It’s been a couple of weeks since we last checked out what’s going on in the markets and a lot has happened, but real estate agents can be thankful they’re not stock traders on a wild ride right now. The housing market just keeps humming along. Let’s find out what happened. But first, our top story.
The Big Story
The Federal Reserve met last week and kept short-term interest rates at or near zero in an effort to support the economy. The Fed made some subtle language changes, pointing to a slowdown in the recovery. Like many, the Fed is placing its bets on the vaccine and hoping the rollout can happen quickly in order to kickstart things.
Between that and continued buying of $40 billion worth of mortgage-backed securities (MBS), the actions of the Fed have helped support a favorable mortgage market. When we last wrote this report, rates were touching record lows. Although they bounced up later that week, they came back down and remain at very low levels, according to Freddie Mac.
If you’ve got a client who is sitting on the fence and otherwise ready to buy, but waiting on rates to dip, it’s hard to imagine them getting lower than they are right now. No one has a crystal ball, but with rates down this far, it can’t hurt to take advantage of the market.

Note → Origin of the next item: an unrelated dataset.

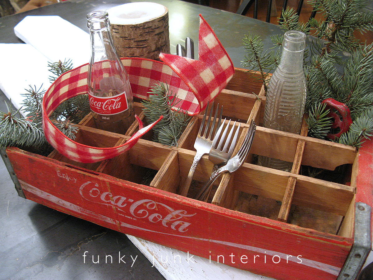 Girl, you are amazing! You make the most random things look absolutely perfect as decorations. I especially love the eye glasses, watch and spigot handle on the Christmas tree. Oh and the pepsi bottles in a wire basket. Sheesh, I wish I could have thought of that. Perfectly charming!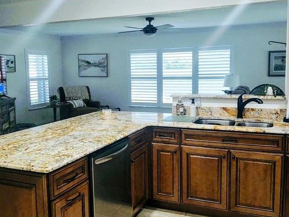 Breakfast barGranite counter topsLarge backyardFamily roomOpen conceptRocked areaRoom for golf cart

Also feel free to tell any past clients who might be looking to refinance. There’s a real opportunity to save money, take advantage of existing equity or both.
Let’s run through what else happened in the last few weeks surrounding housing and everything we care about.
News You Can Use
Our friends at Econoday put together an analysis that aided in this portion of the report.1 Let’s jump in headfirst.
Consumer Price Index (CPI)
Consumer prices were up 0.4% for the month of December and they’ve risen 1.4% overall for the year. Meanwhile, when food and energy were taken out, prices were up just 0.1% and 1.6% since last December.
When it comes to the housing data we care about, the price of shelter was only up 0.1%, which was also the same figure for rent and the assumed rate if a homeowner had to rent a similar space.
Retail Sales
Although retail sales overall were quite dismal, down 0.7% and falling 1.4% when vehicles were excluded, it wasn’t all bad news.
Building materials sales were up 0.9%. This signals continued optimism in the housing market. That should be exciting for those of you who are hoping for more supply to hit the market, benefiting frustrated potential buyers.
Residential Construction
Residential construction is of interest to everyone reading this, but we’ll start with the completed construction to show immediate efforts to correct the market imbalance between builders and buyers in terms of shortage of supply.
Completed units last month were at a seasonally adjusted annual rate of 1.417 million, which is 2.8% higher than the 2019 rate. It’s also a 15.9% increase from November. Single-family completions were at 984,000, up 10.2%. Meanwhile, multifamily completions came in at 422,000.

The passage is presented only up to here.